Earlier this month Gareth and I attended the Institutional Web Management Workshop 2010 (IWMW10), held at the University of Sheffield. It was my first time at IWMW, and since I still feel slightly new to the Web in a higher education environment, it was a good opportunity for me to take in the sorts of issues that are commonly faced by institutional web teams.
It turns out that, right now, the main issue is the effect of the economy. The theme for this year’s IWMW was ‘the web in turbulent times’. Many of the presentations focussed on the doom and gloom. This, coupled with the horrendous weather we experienced while in Sheffield, did little to dispel the stereotype that it’s grim up north (or, in our case, a couple of hundred miles down south).
Luckily, there was plenty of techy chit-chat too. It still fits in with the theme. The web is permanently turbulent. (I think it was designed like that because turbulence creates bigger waves, leading to a more enjoyable surfing experience.)
One of the key characteristics of the web for me is the fact that it is always changing, always developing. Once you’ve got on top of it, something else comes along for you to learn. That is what makes working in the web such an interesting challenge.
An update to the language of the web
The headline is that HTML5 does not replace the existing version of HTML. It is the same but with “more bling”. By the looks of it, it will be much easier and more intuitive to code as well. But the specification is not yet complete, and there are hurdles still to leap in the form of compatibility, accessibility and a question mark over video formats.

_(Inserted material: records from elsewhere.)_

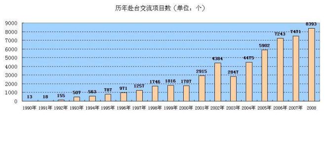臺灣自一九八七年開放大陸探親后,即頒發(fā)兩岸地區(qū)教育交流的若干規(guī)定,而大陸教育部“教育委員會”也有相關(guān)規(guī)定負(fù)責(zé)管理大陸人士來臺教育參訪,并協(xié)助臺灣人士赴大陸的學(xué)校、教育機構(gòu)學(xué)習(xí)、進修、講學(xué)、研究,及與大陸進行教育交流、合作等相關(guān)事宜。近年來,兩岸文教活動交流活動頻繁,人數(shù)屢創(chuàng)新高。依據(jù)統(tǒng)計數(shù)據(jù)顯示,大陸地區(qū)人士來臺從事文教活動由2005年的12,315人、2006年14,775、2007年16,226到2008年的20,546(大陸工作委員會,2009)。依照此一趨勢看來,兩岸交流活動日益趨多,有增無減。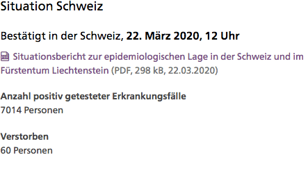 Mientras estaba escribiendo estas líneas, el BAG (Bundesamt für Gesundheit o Departamento estatal de Sanidad) ya ha actualizado los datos del domingo: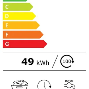 - Poraba energije za 100 ciklov Eko programa (EU 2017/1369): 49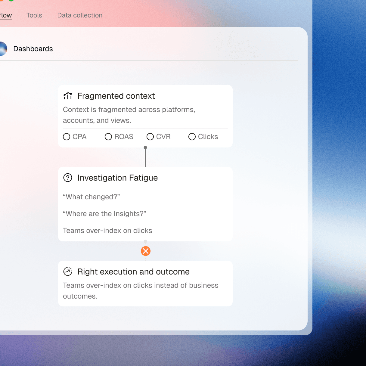Read-only connections to your marketing platforms, analytics tools, and creative engines.
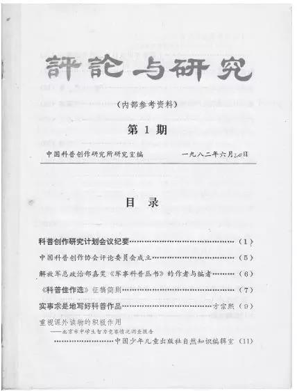 為配合中國(guó)科普作協(xié)鼓勵(lì)開(kāi)展科普評(píng)論,培養(yǎng)科普評(píng)論人才,科普所在會(huì)上決定出版內(nèi)部參考資料《評(píng)論與研究》?!对u(píng)論與研究》第1期很快就在當(dāng)年6月面世,水準(zhǔn)可嘉,其后各期也多有看點(diǎn)。我所見(jiàn)到的最后一期《評(píng)論與研究》是1986年12月出版的第10期,刊末仍有“征稿簡(jiǎn)則”,但我不知此刊一直出到何年何時(shí)。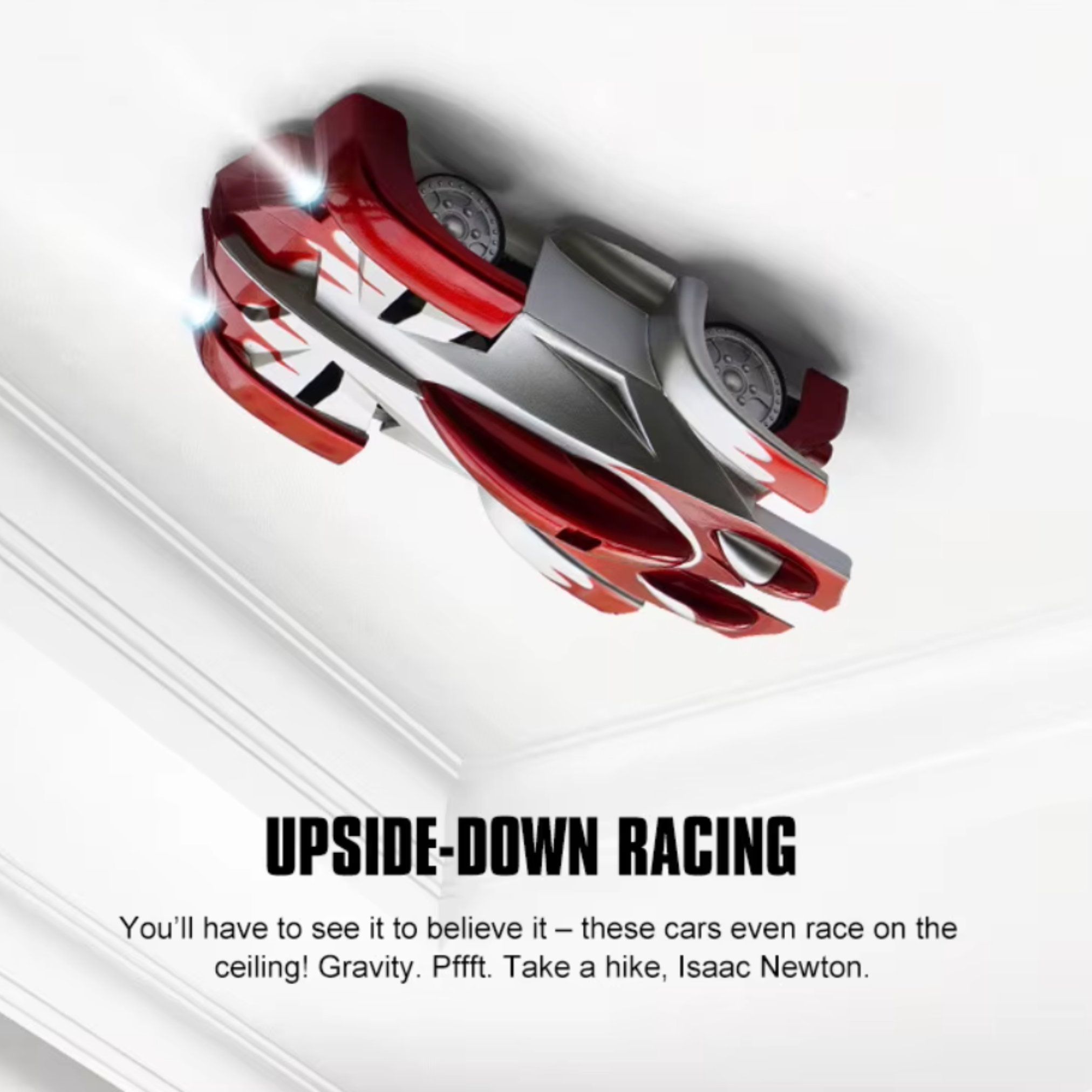Skift til “wall mode”, og se bilen suse lodret op ad væggen eller hen over loftet. -

We were given a demonstration of some HTML5 functionality in the Opera browser. A lot of what HTML5 adds is exciting and sensible. But I think there will be a rough period while the creases are ironed out. The demonstration was promising, but it is clearly not yet the finished product.
Nonetheless, I read an interesting article recently outlining five reasons why you can use HTML5 today. It’s definitely something we should be turning our attention to sooner rather than later.
Later, in a smaller breakout session, Patrick H Lauke spoke about the mobile web and how to make your website mobile-friendly. Phones are becoming ‘smarter’ and connectivity is advancing. People will increasingly come to expect to be able to browse the web while out and about just as efficiently as they can on a desktop machine.
But the mobile web throws up a whole extra set of issues, adding to the already-complex set of challenges we have been accustomed to facing for years. There is a huge range of screen sizes and browsers in use, and mobile web designs must try to accommodate them all. Then there is the question of how to streamline the website for mobiles without ‘dumbing down’ the content.
Like HTML5, the mobile web still has a bit to go. As we found out in Sheffield, the mobile web cannot yet be fully relied upon in the same way we can rely upon the web on a PC. But that is why HTML5 and the mobile web are for the future, even though we need to start thinking about them now.
Reflections on my first IWMW
Overall, I found my first IWMW to be a great learning experience. It has given me plenty to think about. Although I was of course aware of the issues surrounding HTML5 and the mobile web, what I learnt at IWMW has helped me focus on the key aspects to look towards.
In addition, there were plenty of other interesting talks. Particular standouts included Jeremy Speller’s about disaster communication in a crisis and Paul Boag’s persuasive presentation about cutting down the amount of content on an unwieldy website.
Due to the anticipated sector-wide cutbacks, there is uncertainty about whether IWMW will take place next year. I think it would be a real shame if it was not held in 2011, because at my first IWMW it was clear that the event is a hugely useful way to discuss ideas and meet people facing similar issues.